On the 15-minute chart, the 20-period moving average currently sits above the price, indicating bearish bias in the short term. The 50-period line is also above the 20-period line, reinforcing the downward momentum. On the daily chart, the 50-period line remains above the 100-period and 200-period lines, suggesting a continuation of the broader bearish trend unless a strong breakout occurs.
The MACD histogram showed a divergence with price action late in the session, as the price dropped but the histogram began to show smaller bearish bars. RSI reached oversold territory, with the indicator dipping below 30, suggesting the price could see a near-term bounce. However, a sustained close above key moving averages would be needed to confirm a reversal.
Bollinger Bands initially showed a period of tight consolidation before expanding sharply in response to the intraday decline. Price action closed near the upper band on the rebound, indicating that volatility may continue to expand. If price remains within the bands, it may suggest range-bound behavior ahead; a breakout beyond the bands could signal a new trend phase.
Volume spiked significantly during the intraday decline, with a 15-minute period showing 7.1 million in volume. Notional turnover mirrored this pattern, suggesting conviction in the sell-off. However, volume during the rebound was relatively lighter, raising a question about the strength of the reversal. A divergence in volume and price may suggest caution for traders expecting a strong bounce.

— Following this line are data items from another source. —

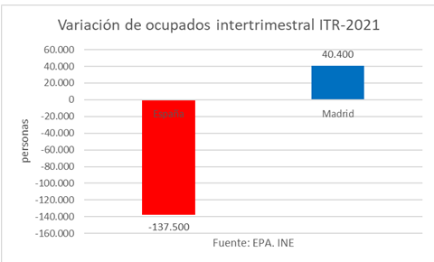 Frente a esta intensa destrucción de empleo, en el mismo trimestre en Madrid, con una política distinta, basada en la libertad y en las menores restricciones posibles en este escenario de pandemia en el que nos encontramos, se crearon 40.400 puestos de trabajo.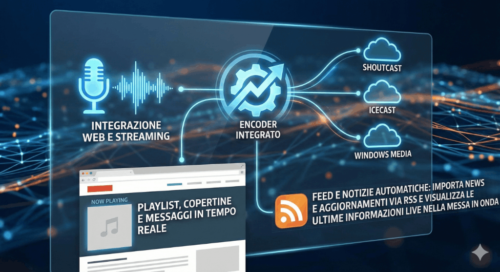 - Feed e notizie automatiche: Importa news e aggiornamenti via RSS e visualizza le ultime informazioni live nella messa in onda.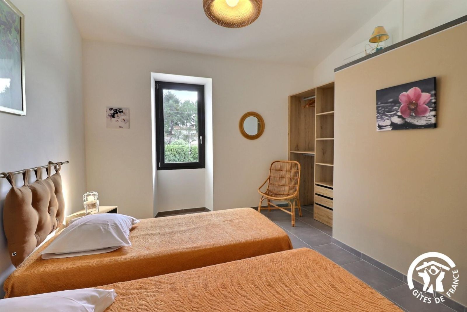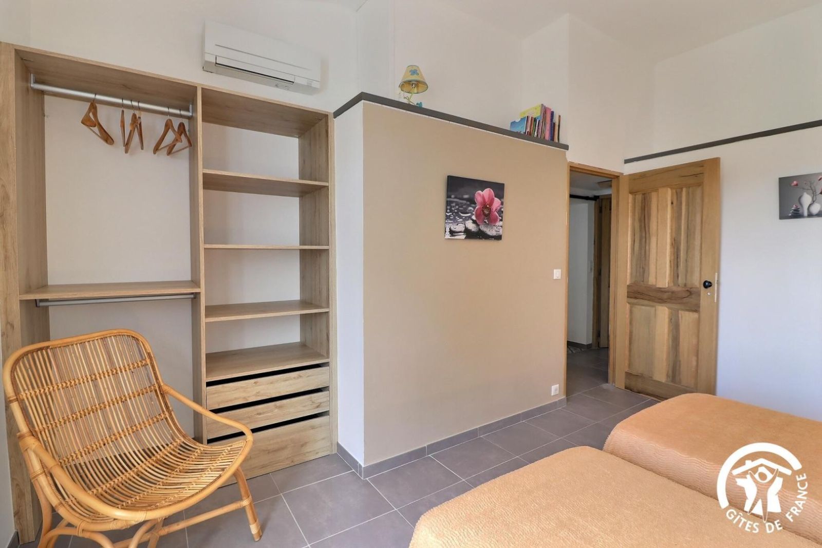 - Une 2ème chambre avec 2 lits 1 personne 90x200cm, penderie dressing et fauteuil en osier.

Applying Fibonacci retracements to the recent 15-minute swing low and high, key levels to watch include 38.2% at $0.03176 and 61.8% at $0.03199. If the price can maintain above these levels with increasing volume, it could confirm a bullish rebound. A failure to hold above 38.2% could indicate the continuation of the bearish trend.
In the next 24 hours, Pixels (PIXELUSDT) may consolidate near $0.03158–$0.03176, with potential for a test of the 38.2% Fibonacci level. However, traders should remain cautious of a potential breakdown if volume spikes again and price action fails to confirm bullish signals.